This article will have a continued discussion of basic cookery to allow the readers determine which method is the best procedure to be used for different kind of food. At this point, we will discuss the stewing method. Technically, stewing is a process of cooking where a food such as meat/chicken/beef/fish is covered with water from low to medium heat. This is because the process will give enough flavor and a concentrated color for the food and also the sauce.
The suitable foods for stewing are the following: meats such as lamb, pork, chicken and beef; fish such as fresh, shellfish or ocean fish under slow heat; vegetables like garlic, tomatoes, potatoes and onions, and also some fruits including pineapple, peaches and apples.
Casserole and brat pans are the most used equipment in stewing. The choice depends on the kind of food and amount of ingredients to be used. It is appropriate to use wooden spoon to reduce the risk of discoloration of the food. We should always be careful in handling the food and when transporting it because it might burn your skin.

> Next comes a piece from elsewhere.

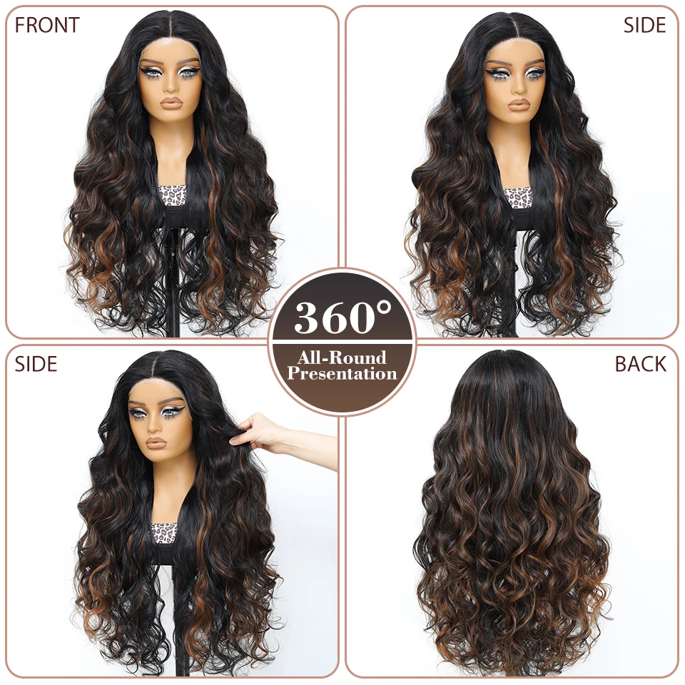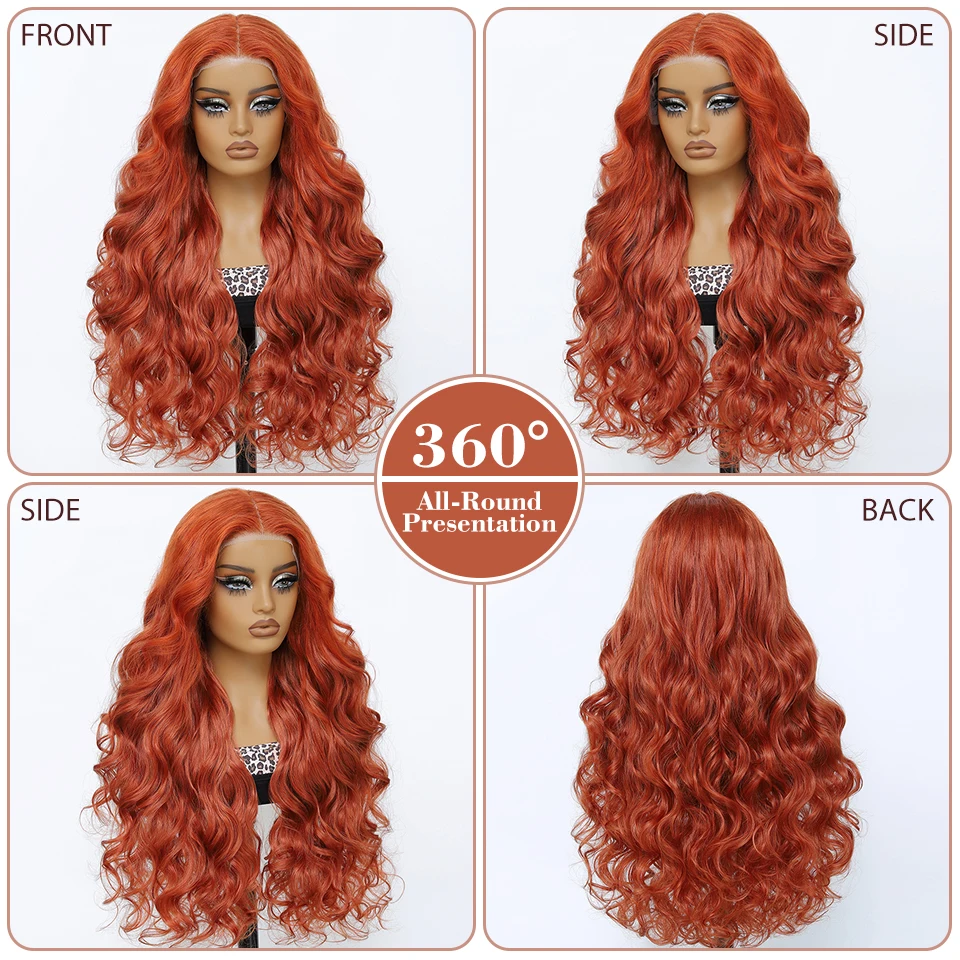 💁🏽♀️🔥 Peruca Sintética 28 Polegadas com Renda Frontal em T – Ondas Soltas Profundas Ombré com Mechas Cobre, Efeito Natural e Volume Luxuoso
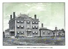 Henry J. Steere was born in Providence, Rhode Island on April 11, 1830 to Alice Smith (1789–1863) and Jonah Steere (1788–1871), a manufacturer, saddler and harness maker. Henry was their only surviving child. Steere was a Yankee, whose ancestor John Steere immigrated to the Providence from Great Britain before 1660 and married the daughter of Reverend William Wickenden.[1] Henry J. Steere was educated at home and in the public schools, eventually graduating from Providence's high school. Steere then became a clerk in the Merchants Bank.

Deglazing can be the main purpose for stewing that is usually used with wine, stock or plain water. The meat prepared is cut into bite-size and done in shallow frying with hot oil to produce sediments and juices to give flavor and unique aroma of the stew. In the end of the process, the ingredients will be in the liquid, under a medium heat and advised that the casserole is covered as they begin the cooking process.
Seasoning is a very important aspect of cooking, especially when stewing due to a lot content of water or liquid. Any seasoning can be added prior to cooking, aside from salt, which is sometimes not used until the end of the cooking because the stewing process will gradually acquire the natural salt and flavoring from the meat. This occurs when the meat breaks down and coverts the collagen to gelatin that allows the other ingredients to combine with the flavoring coming from the meat.
So now that we know the principle of stewing, we should not forget the personal hygiene rules prior to cooking such as cleaning, washing and sanitizing of the equipment, pottery, casserole and pan. The usage of gloves or pot holders especially when transporting the content to another container is also a safety standards in cookery.